Eddie McLeod

Personal information
- Full name: Edward McCormack McLeod
- Date of birth: 28 July 1907
- Place of birth: Springburn, Scotland
- Date of death: 1969
- Place of death: Troy, NY, United States
- Height: 5 ft 7 in (1.70 m)
- Position(s): Left half

Senior career*
- Years: Team / Apps / (Gls)
- –: Ashfield
- 1926–1944: Partick Thistle / 394 / (6)

International career
- 1930–1931: Scottish League XI / 2 / (0)

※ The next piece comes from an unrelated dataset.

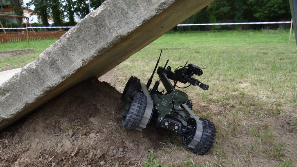 The excellent terrain properties of the PIAP FENIX robot ensure easy movement on paved and dirt roads, off-road, as well as in urban areas and when overcoming obstacles.
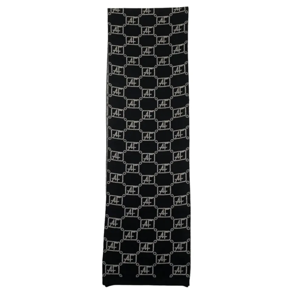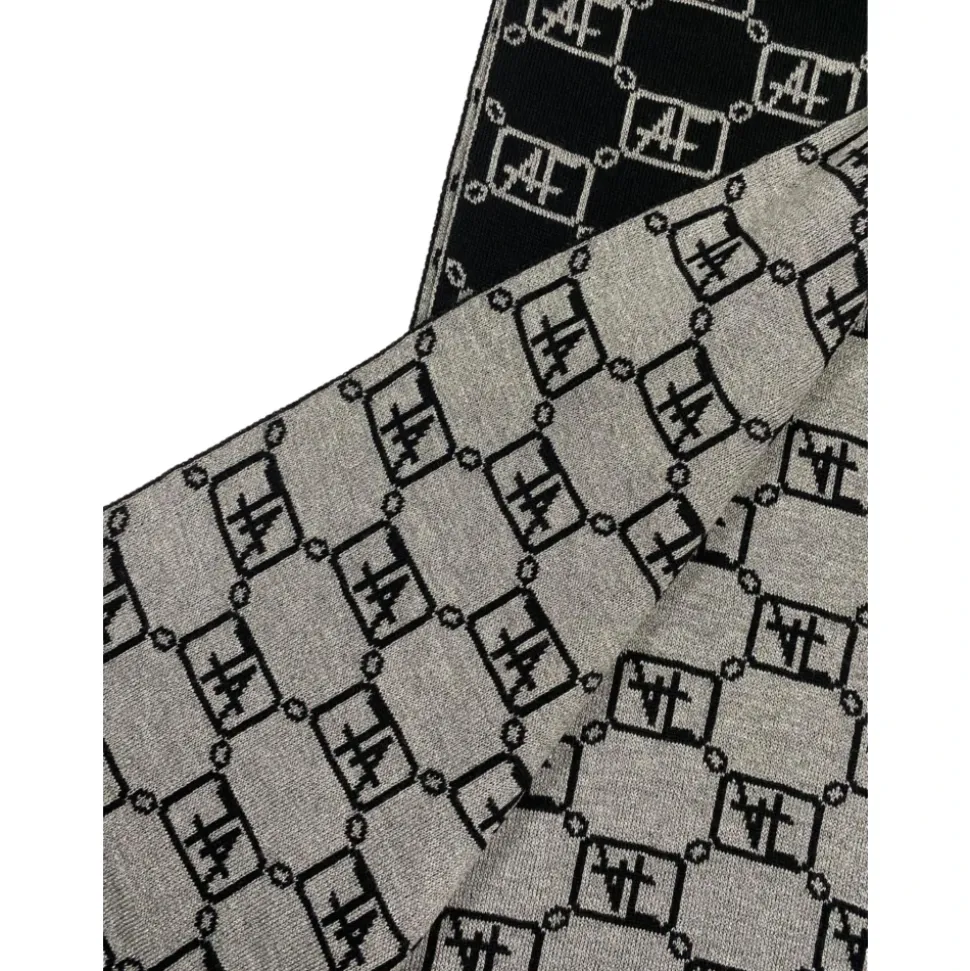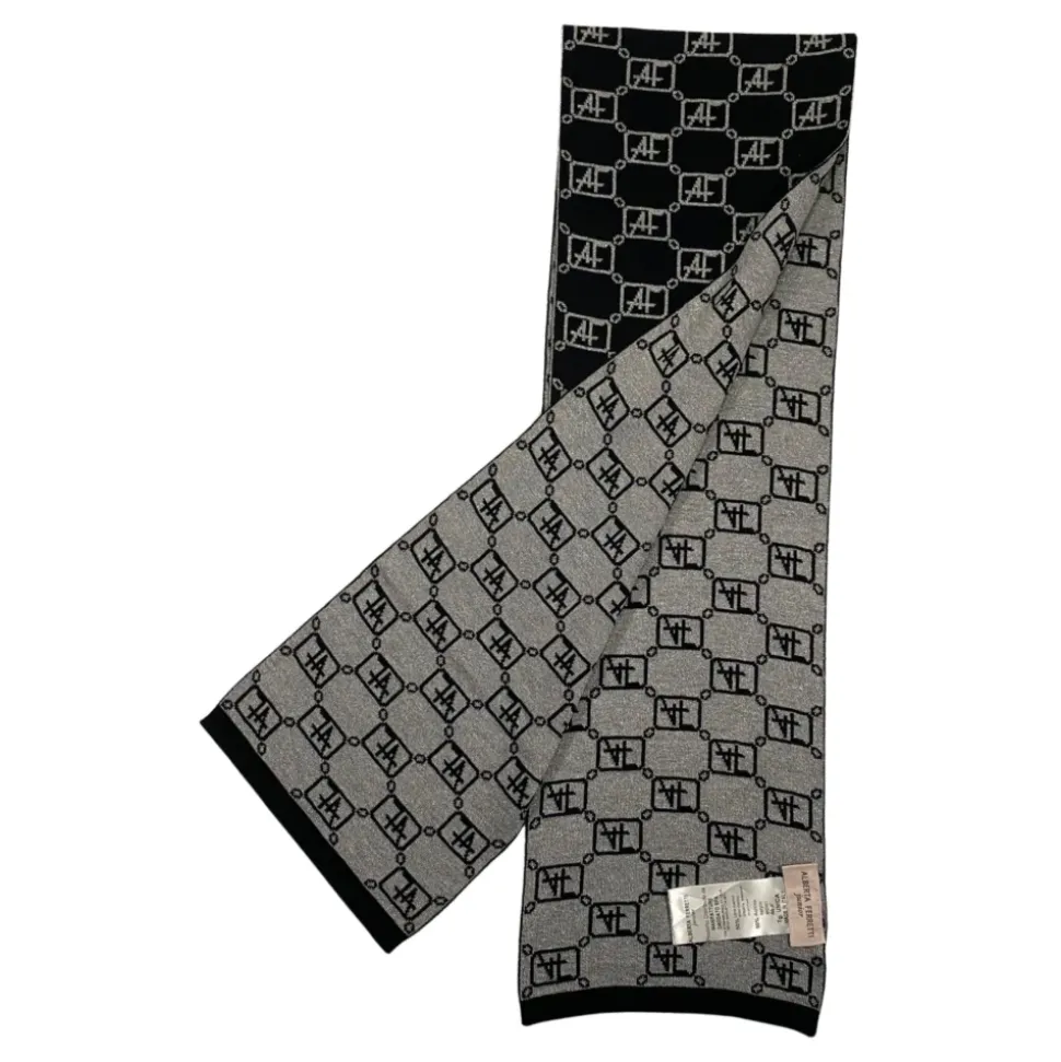 Alberta Ferretti Logo Gebreide Sjaal – een rechthoekige gebreide sjaal met een all-over logo voor een stijlvolle alledaagse laagjeslook. Belangrijkste kenmerken: Zwart | Zilver | Wol | Volledig gebreid | All-over logopatroon | Rechthoekig ontwerp | Samenstelling & verzorging: 50% wol | 50% acryl

= Eddie McLeod (footballer) =

Scottish footballer

Edward McCormick McLeod (born 28 July 1907 – 1969) was a Scottish footballer who played as a left half; his only club at the professional level was Partick Thistle, where he spent thirteen 'normal' seasons (all in the top division), and was also on the books during the unofficial World War II campaigns, making 495 appearances for the Jags in all competitions and scoring 7 goals. He played for the club in the 1930 Scottish Cup Final which they lost to Rangers after a replay, but did manage to claim winner's medals in the Glasgow Merchants Charity Cup in 1927 and the one-off Glasgow Dental Hospital Cup in 1928, both against the same opponents, followed later by a Glasgow Cup in 1934.

McLeod was selected twice for the Scottish Football League XI, both times against the Irish League XI, and played in one edition of the Glasgow Football Association's annual challenge match against Sheffield.